Friday, April 13, 2007

Ruby OLE

The other day someone came over to my desk and asked me how they could programatically invoke the "Find Computer" function of the Windows shell. Normally you just press CTRL-WINDOWS-F and up pops an Explorer window ready for searching. I didn't have a quick answer for him... so I immediately took up the challenge to figure it out.

After a couple dead ends I started looking at Windows Script Host (WSH). It allows you to write VB or JavaScript to access the ActiveX API of a Windows application. After a bit of googling I found the "Shell.Application" documentation on MSDN. After futzing around with Javascript for a few minutes I started thinking that I should be able to do the same things with Ruby. So with a little more searching I discovered that by adding "require 'win32ole'" at the top of my ruby script I could instantiate an instance of "Shell.Application".

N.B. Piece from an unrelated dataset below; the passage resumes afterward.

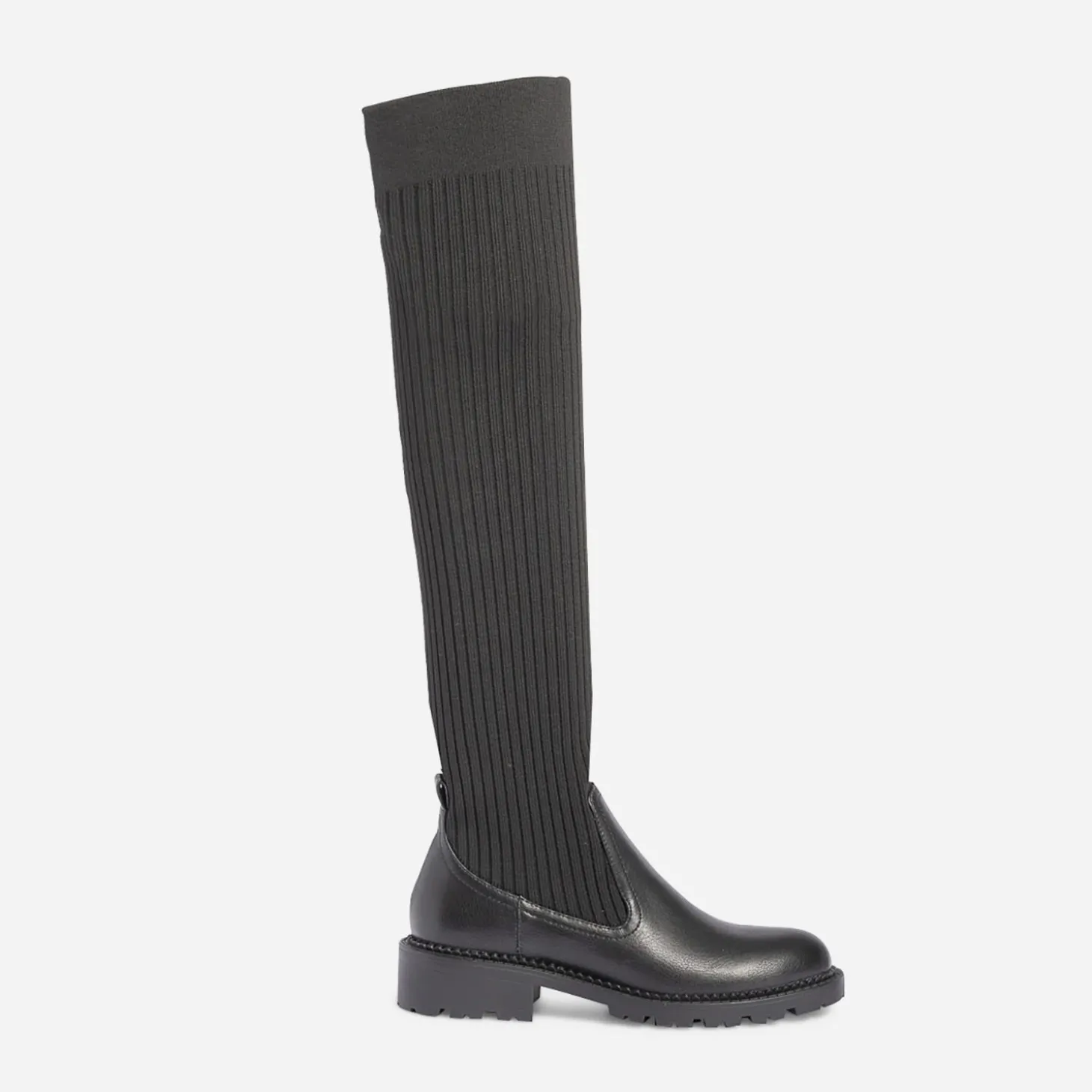 Duo de matières maîtrisé pour look ultra stylé. La botte pour femme n’a pas dit son dernier mot ! En cuir synthétique noir, elle se démarque par une tige élastiquée côtelée façon chaussette ton sur ton, qui vient complètement épouser la forme du mollet. Monté sur une semelle crantée, elle s’invite sur tous les catwalks urbains, en journée comme en soirée. Un modèle à privilégier avec un bas court, par exemple avec une jupe en tartan rouge, incontournable cette saison, et un pull à col roulé noir.
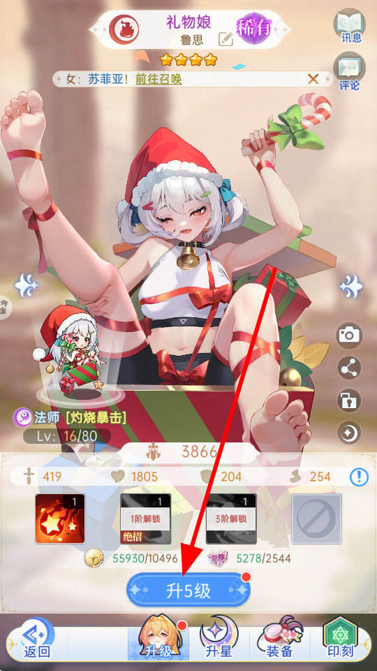 4、角色界面,若有足够的资源,点击升5级等升级按钮,提升角色等级,增强角色的各项能力,更好的冒险与战斗。

The only problem left was finding the right API call. A three line Ruby script like this gave me a list of methods:

require 'win32ole'
wsh = WIN32OLE.new('Shell.Application')

wsh.ole_methods.collect{|m| m.to_s}.sort.each{|m| puts m}


A quick change and my final script looked like:

require 'win32ole'
wsh = WIN32OLE.new('Shell.Application')

wsh.FindComputer()


or in JavaScript:

wsh = WScript.CreateObject("Shell.Application");
wsh.FindComputer();


If you want to take this scripting stuff to the next level I suggest you go check out David Mullet's "Ruby on Windows" blog. He describes some of the same things I just demonstrated above and goes into a lot greater depth about how to use Ruby to script think like Word and Excel.

And in case you're wondering why I had to use Ruby to get a list of methods instead of just looking it up in MSDN, well just try looking at the MSDN page I referenced above with Firefox instead of IE.... That's right... the site navigation only works correctly in Internet Explorer.